I have a further amendment on this matter in the next group. As well as being confused about other things in the Bill, I am confused about today’s groupings, which all seem to be mixed up. Unfortunately I was stranded in Yorkshire this morning—the overhead wires were down in the Keighley area, and now I cannot even ask the noble Lord, Lord Adonis, to intervene in the situation—so I could not get here in time to sort out the groupings in relation to my amendments. Noble Lords will therefore have to listen to me again on the next grouping.

However, the issue of the wider community—to which I referred at Second Reading, in comments to which the noble Baroness, Lady Royall, kindly referred—is crucial and must be addressed. That would address some of the problems which the noble Lord referred to in terms of getting it right. Of course you have to get it right. However, I do not agree that the principle of consultation should not be in the Bill because the specific amendments which have been put forward are not quite right. I think that the Government will find it a great deal easier to get support for the Bill, and to get it through Parliament a bit quicker, if they are prepared to look very seriously at this issue.

The real problem is that the Secretary of State, Michael Gove, whom I admire in many ways, is a man with a rather revolutionary mission on this and other matters. Although I am all in favour of revolution, I am a liberal, and revolution must be based on two things. First, it has to be evolutionary—however revolutionary the end product is—and you must get there slowly or fairly slowly. Secondly, you have to take people with you. A sort of Leninist revolution whereby there is a leadership which everyone follows, and if people do not follow it someone such as Stalin comes along and makes them follow, is not the way forward. You must take people with you. A good process of consultation and debate locally among interest groups such as teachers, who have a legitimate interest in the school, and the wider community, is crucial.
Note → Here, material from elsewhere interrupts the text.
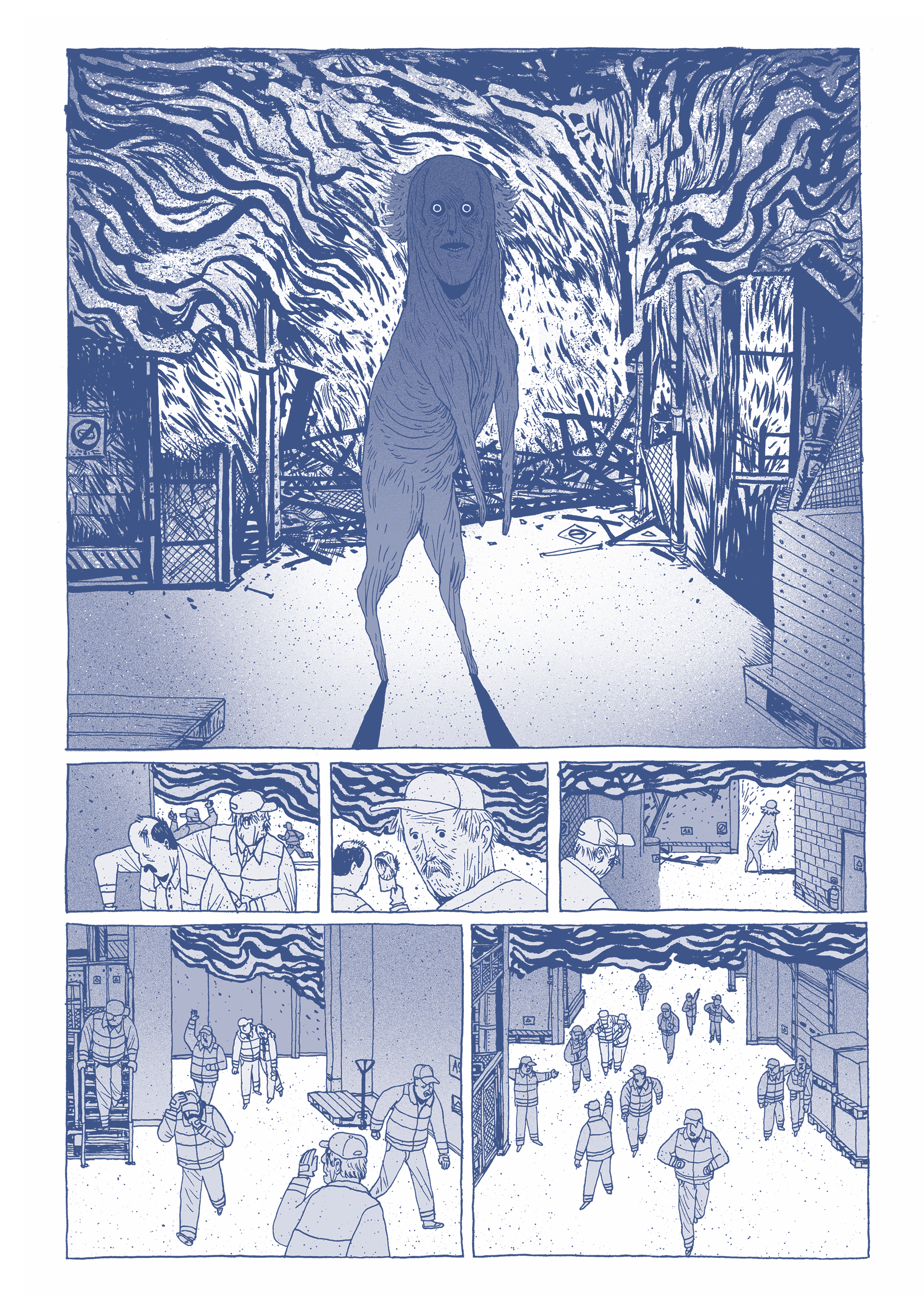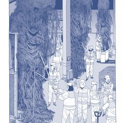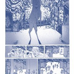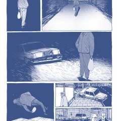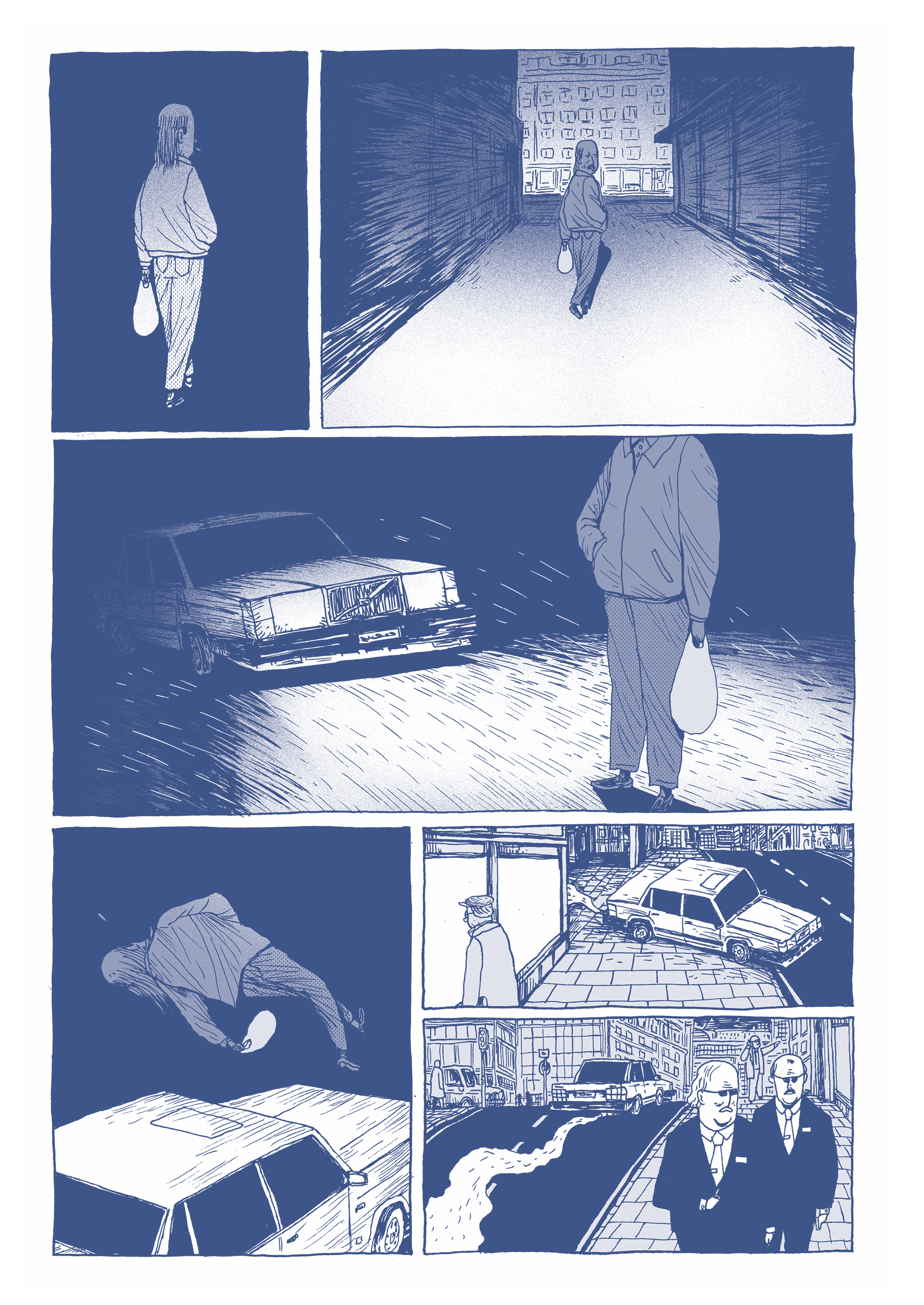 Une Volvo blanche repose par ailleurs sur des choix graphiques percutants : Erik Svetoft utilise une même teinte bleue pour l’ensemble de ses pages, et alterne entre des scènes dialoguées, des scènes d’actions et des représentations métaphoriques déroutantes. Le scénario perd parfois son lecteur, qui peine à distinguer tous les enjeux de l’enquête au milieu de dialogues absurdes et de personnages ubuesques, mais Une Volvo blanche se vit d’abord comme une expérience de lecture, aussi étrange semble-t-elle parfois. C’est en se laissant entraîner dans cette enquête qui perce – littéralement – les entrailles du capitalisme suédois que l’on comprend le sens de cette lecture qui en déroutera plus d’un.

The Secretary of State has impaled himself on a problem by setting September as the date by when the first new academies should be set up. Looking at the parliamentary timetable, I am not sure that this legislation can get through by September—not because it will be blocked or obstructed, but simply because of the time that it takes to reach the statute book. There is talk of bringing the Commons back, but if the Commons makes a few changes to the Bill, it will have to come back here, which would mean that it will not go through until we come back in October, unless we are all to be dragged back here screaming in September to get the Bill through in the interests of the revolution. I am not sure that the House of Lords is a body which usually marches behind revolutions—but who knows?

The Government must get themselves off this hook on which they have impaled themselves. They should accept that to do it properly—and it has to be done properly if it is going to work—it will take a bit longer. That is not delaying the legislation by years. Clearly that would be ridiculous. We need a sensible timetable, a sensible way of doing it, and a sensible way of getting local communities—all the people involved in the school, and other schools—to understand and to come to agreements on what is going to happen. If the process is done on the basis of a school selfishly and aggressively breaking away, it will not work. If it is done by agreement among people locally that this is an evolutionary way forward that will probably lead to other schools in the area becoming academies in due course, and if it is done in a sensible and organised way, then it might work.